# There's something about a horse...



## PonyJumper101 (Mar 23, 2010)

Thought I would share with you, my old horse Nikkie. She was a 11 year old belgian draft and had the sweetest personality. She died in 2010 from failed heart. She had to be put down  Nikkie was my pride and joy. She knew when something was wrong, for example, I went up to visit her when I broke my wrist, and normally she isn't very clingy, but she would not leave my side. Rest in peace baby girl! I miss you!


----------



## TakingthePlunge (Jul 6, 2013)

My in-laws have horses, and looked over my shoulder just now and wanted to know if she was up for adoption. :-( She's beautiful, and I'm sure she's running free across the rainbow bridge.


----------



## Midori (Jul 26, 2013)

Your baby was beautiful I am sorry for your loss.


----------



## Helianthe (Sep 14, 2013)

What a beauty. Sorry that she died.. I am sure she was a great friend!


----------



## JustinieBeanie (Apr 22, 2013)

Very beautiful, she's sounds wonderful. I'm sorry for your loss and may she rest in peace.


----------



## Blue Fish (Jun 11, 2012)

So sorry for your loss!

I drive Carriages with my mare (Connemara x TB), and Belgians are *such* good horses. Make wonderful fox hunters too...big and sweet and quiet and so trustworthy. I'm sure she was a fantastic girl. 

I'm sorry that you lost her, but I agree with the others, she's not gone forever.  You'll see her again.  
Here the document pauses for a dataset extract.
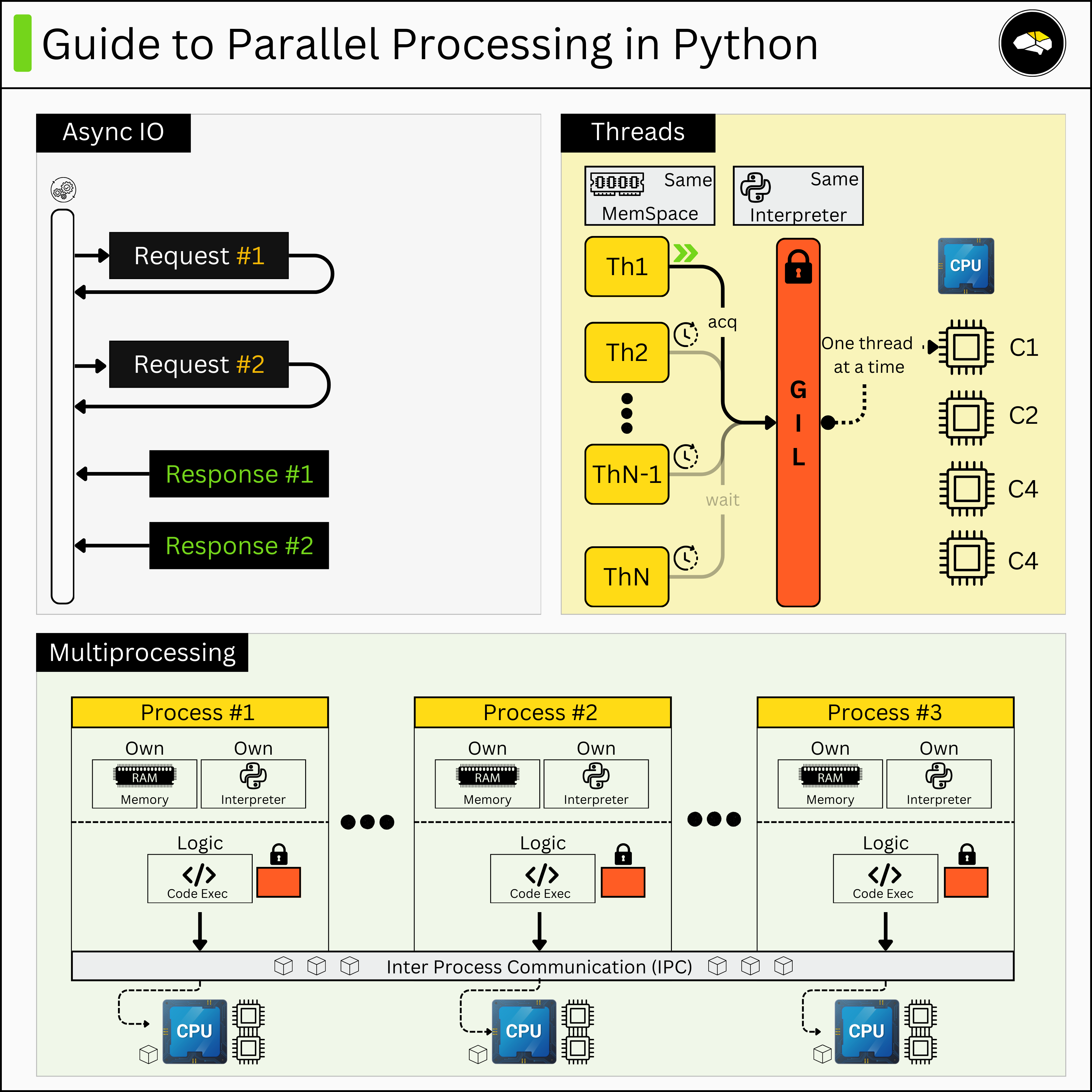 In this article, we’ll focus on how Python handles the concurrency concept, explain the GIL limitation, and go over when and how to use async, multithreading, and multiprocessing with real use cases.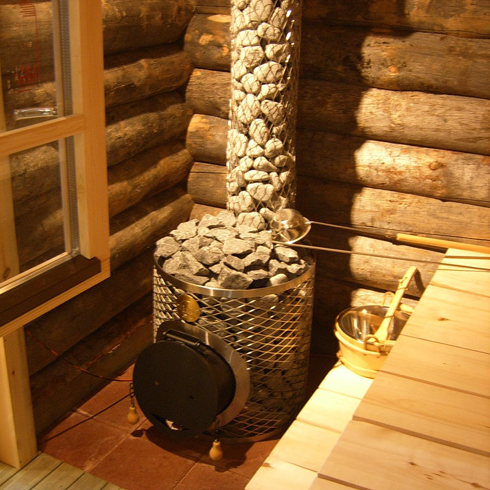 Les deux compartiments sont complétés par des portes par lesquelles le bois de chauffage est introduit, l'air est fourni et les produits de combustion sont évacués. Dans l'extrémité supérieure de la billette de tuyau, un tuyau de fumée d'un diamètre de 100 mm est monté. Au sommet du four presque terminé, une boîte métallique est soudée dans laquelle des pierres sont posées. Le coude de la cheminée peut les contacter, transférant une partie de la chaleur pour un meilleur chauffage. Dans ce cas, le réservoir d'eau est en tôle de fer. Il se pose directement sur le corps du poêle par n'importe lequel de ses côtés en fonction de l'agencement du hammam ou du sauna.

I love her big white blaze.


----------



## PonyJumper101 (Mar 23, 2010)

Thank you all! The white blaze and chestnut colour is truly a classic in the Belgians


----------



## KafkaDream (Dec 30, 2013)

I'm so sorry for your loss </3 I too know the pain of losing a horse. Its heart wrenching. I currently have my own goof ball of a TB, and couldn't fathom losing him.


----------



## peacock (Jan 30, 2014)

So sad. She's beautiful. :'(


----------